[Input data]
▼

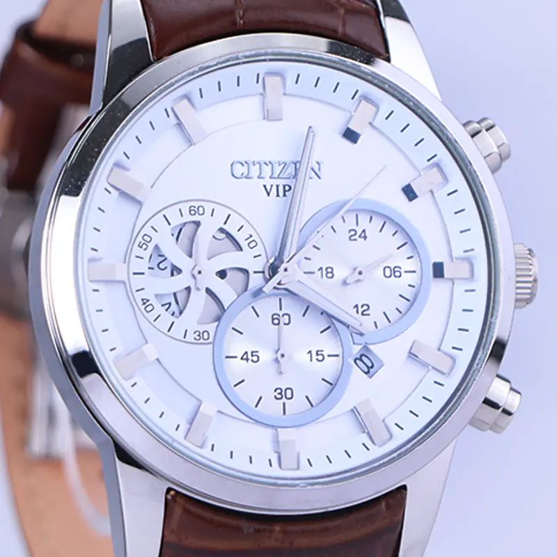 ساعت مچی سیتیزن مردانه بند چرم صفحه سفید کرنوگراف G8111/1
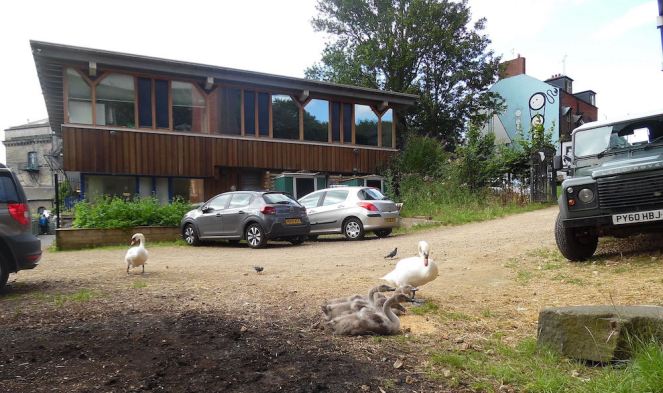 “…to the scrap metal yard hidden behind the old flour mill, now called The Cluny and home to artists and creative types. To the left was the huge brick chimney of the old forge, and behind that, the farm with its grass roof and solar panels, and beyond to the three bridges: brick, iron and concrete. The whole area was an evolving time capsule, an oasis of animals and art in the centre of town.”
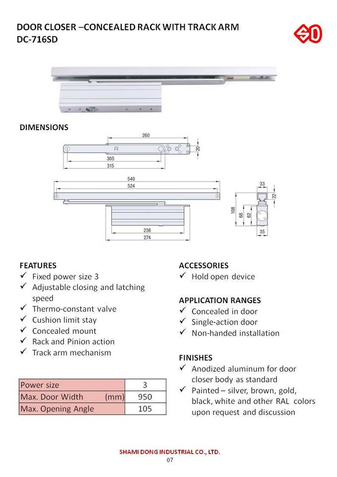 Product Name:DC-716SD DOOR CLOSER CONCEALED RACK WITH TRACK ARM

▲

[Your objective]
Take the line with "the scrap metal" and each line after it through the end of the material above, and reproduce them exactly, without the pictures.

[Result for this exercise]
 “…to the scrap metal yard hidden behind the old flour mill, now called The Cluny and home to artists and creative types. To the left was the huge brick chimney of the old forge, and behind that, the farm with its grass roof and solar panels, and beyond to the three bridges: brick, iron and concrete. The whole area was an evolving time capsule, an oasis of animals and art in the centre of town.”
 Product Name:DC-716SD DOOR CLOSER CONCEALED RACK WITH TRACK ARM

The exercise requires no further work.